◆ **Supplied information**:
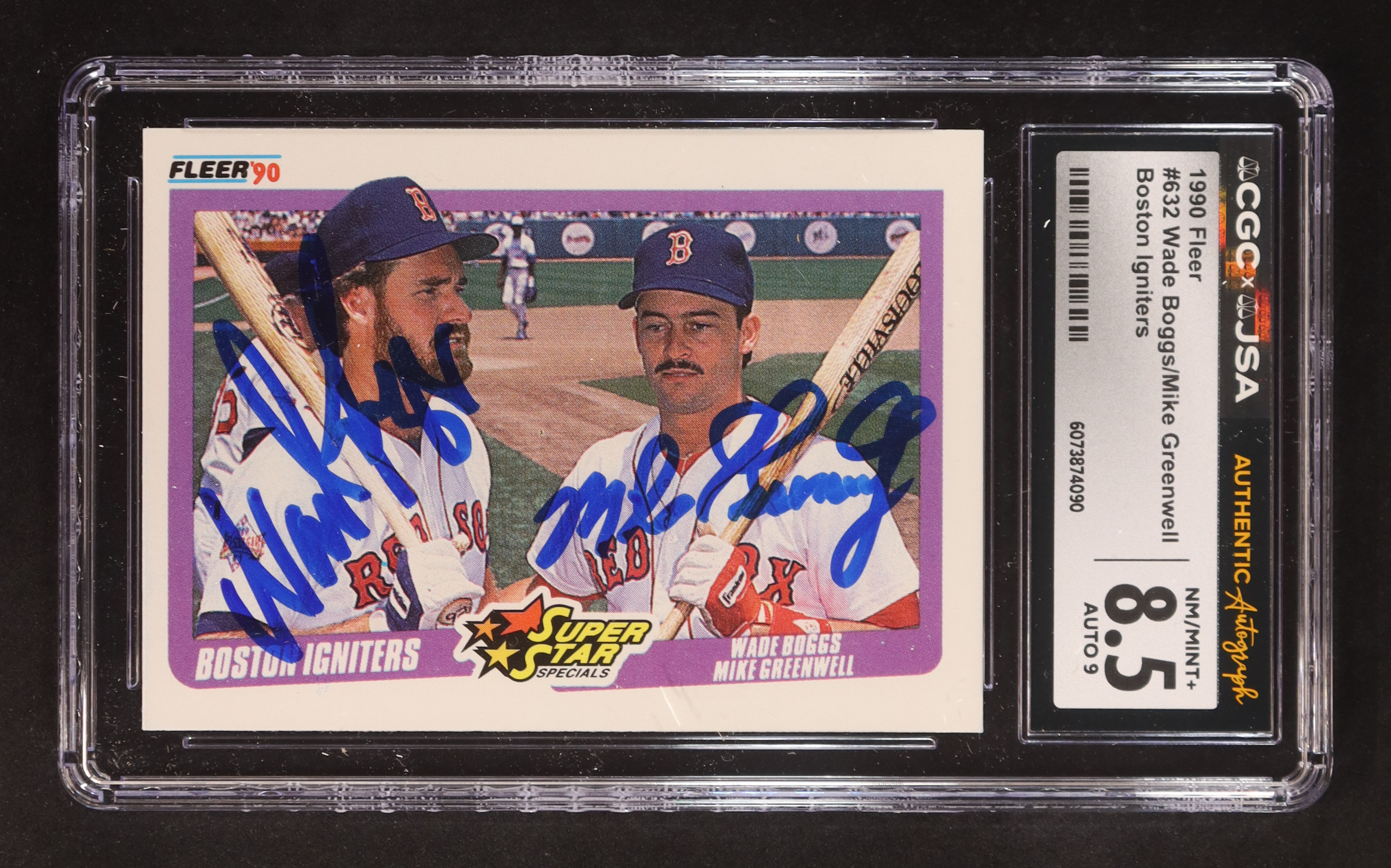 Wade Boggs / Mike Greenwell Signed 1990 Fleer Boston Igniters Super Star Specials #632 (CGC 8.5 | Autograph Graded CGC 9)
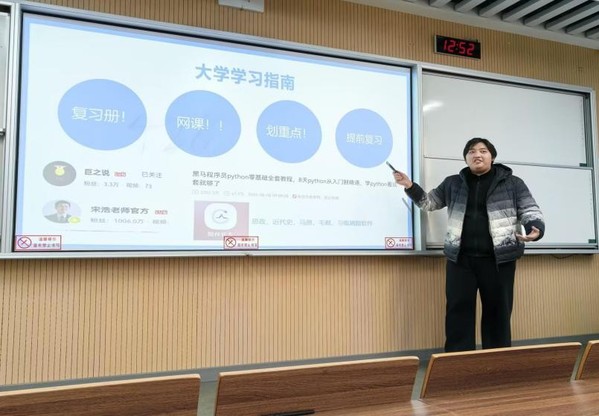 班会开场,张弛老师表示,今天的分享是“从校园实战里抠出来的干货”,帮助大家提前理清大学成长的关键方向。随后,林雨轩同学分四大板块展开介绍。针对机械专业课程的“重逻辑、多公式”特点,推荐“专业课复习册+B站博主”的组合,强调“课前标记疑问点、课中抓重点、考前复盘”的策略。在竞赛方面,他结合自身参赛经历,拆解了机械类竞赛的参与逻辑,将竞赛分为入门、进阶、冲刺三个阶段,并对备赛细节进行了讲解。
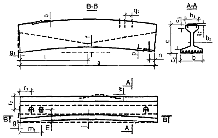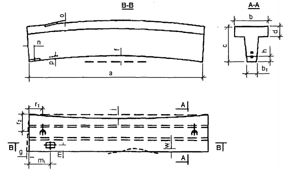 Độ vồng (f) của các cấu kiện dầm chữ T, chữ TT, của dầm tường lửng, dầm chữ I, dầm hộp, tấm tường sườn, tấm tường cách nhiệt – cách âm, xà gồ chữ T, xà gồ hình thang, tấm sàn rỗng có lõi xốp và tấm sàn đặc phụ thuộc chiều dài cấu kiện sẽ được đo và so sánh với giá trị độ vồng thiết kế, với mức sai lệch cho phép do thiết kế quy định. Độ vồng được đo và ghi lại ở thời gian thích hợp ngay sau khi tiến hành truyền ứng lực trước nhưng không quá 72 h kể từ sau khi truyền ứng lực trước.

◆ **Task description**: Leaving out all pictures, transcribe the listing exactly.

◆ **Final answer**:
 Wade Boggs / Mike Greenwell Signed 1990 Fleer Boston Igniters Super Star Specials #632 (CGC 8.5 | Autograph Graded CGC 9)
 班会开场,张弛老师表示,今天的分享是“从校园实战里抠出来的干货”,帮助大家提前理清大学成长的关键方向。随后,林雨轩同学分四大板块展开介绍。针对机械专业课程的“重逻辑、多公式”特点,推荐“专业课复习册+B站博主”的组合,强调“课前标记疑问点、课中抓重点、考前复盘”的策略。在竞赛方面,他结合自身参赛经历,拆解了机械类竞赛的参与逻辑,将竞赛分为入门、进阶、冲刺三个阶段,并对备赛细节进行了讲解。
 Độ vồng (f) của các cấu kiện dầm chữ T, chữ TT, của dầm tường lửng, dầm chữ I, dầm hộp, tấm tường sườn, tấm tường cách nhiệt – cách âm, xà gồ chữ T, xà gồ hình thang, tấm sàn rỗng có lõi xốp và tấm sàn đặc phụ thuộc chiều dài cấu kiện sẽ được đo và so sánh với giá trị độ vồng thiết kế, với mức sai lệch cho phép do thiết kế quy định. Độ vồng được đo và ghi lại ở thời gian thích hợp ngay sau khi tiến hành truyền ứng lực trước nhưng không quá 72 h kể từ sau khi truyền ứng lực trước.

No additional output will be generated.